▼
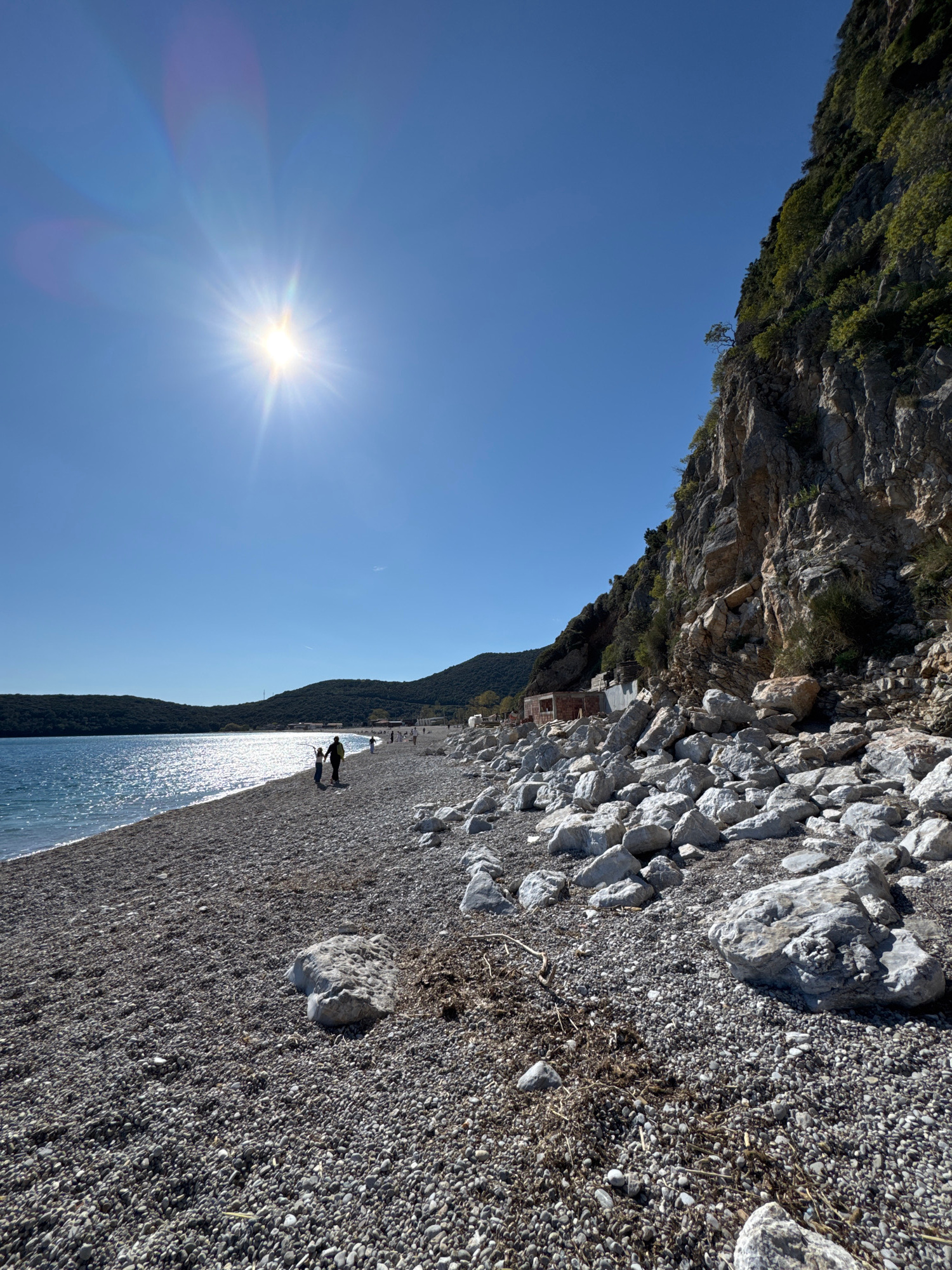 A bright, sunny day illuminates a scene at Prijevor, Montenegro. A long, narrow, pebble beach runs alongside the water's edge. Two people are visible on the beach. A rugged cliff face rises sharply on…read more
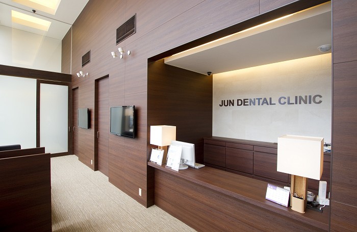 初めて来院される患者様には緊張されて訪れる方も少なくはありません。そこでジュン歯科クリニックでは、受付に患者さまに座って頂くための椅子を用意してお出迎えさせて頂きます。それに合わせて受付カウンターを低くし、受付を患者さまと同じ高さの目線に合わせる事で、患者さまの緊張を和らげ座ってゆっくりとお話して頂けるようになっております。
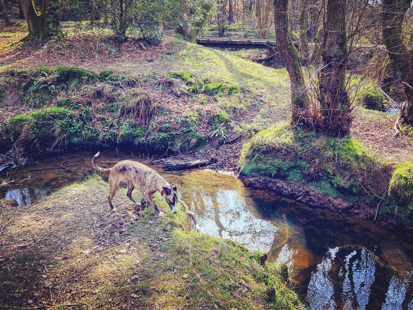 Terrain: This is quite a challenging walk compared to most of the routes on this site. There are fairly steep slopes, and the ground is really quite rugged underfoot in places, especially on some of the wide main paths. The little path that runs along the stream is also very uneven, with lots of ups and downs and tree routes to clamber over – so this is a walk that is best avoided if you’re at all unsteady on your feet. While there are trees sheltering some parts of this walk, quite a bit takes in open heath, with no respite from the sun (or rain) so not a walk for hot days.
▲
■ TASK OBJECTIVE:
Output the data above without changes, apart from leaving out the pictures.

■ OUTPUT BELOW:
 A bright, sunny day illuminates a scene at Prijevor, Montenegro. A long, narrow, pebble beach runs alongside the water's edge. Two people are visible on the beach. A rugged cliff face rises sharply on…read more
 初めて来院される患者様には緊張されて訪れる方も少なくはありません。そこでジュン歯科クリニックでは、受付に患者さまに座って頂くための椅子を用意してお出迎えさせて頂きます。それに合わせて受付カウンターを低くし、受付を患者さまと同じ高さの目線に合わせる事で、患者さまの緊張を和らげ座ってゆっくりとお話して頂けるようになっております。
 Terrain: This is quite a challenging walk compared to most of the routes on this site. There are fairly steep slopes, and the ground is really quite rugged underfoot in places, especially on some of the wide main paths. The little path that runs along the stream is also very uneven, with lots of ups and downs and tree routes to clamber over – so this is a walk that is best avoided if you’re at all unsteady on your feet. While there are trees sheltering some parts of this walk, quite a bit takes in open heath, with no respite from the sun (or rain) so not a walk for hot days.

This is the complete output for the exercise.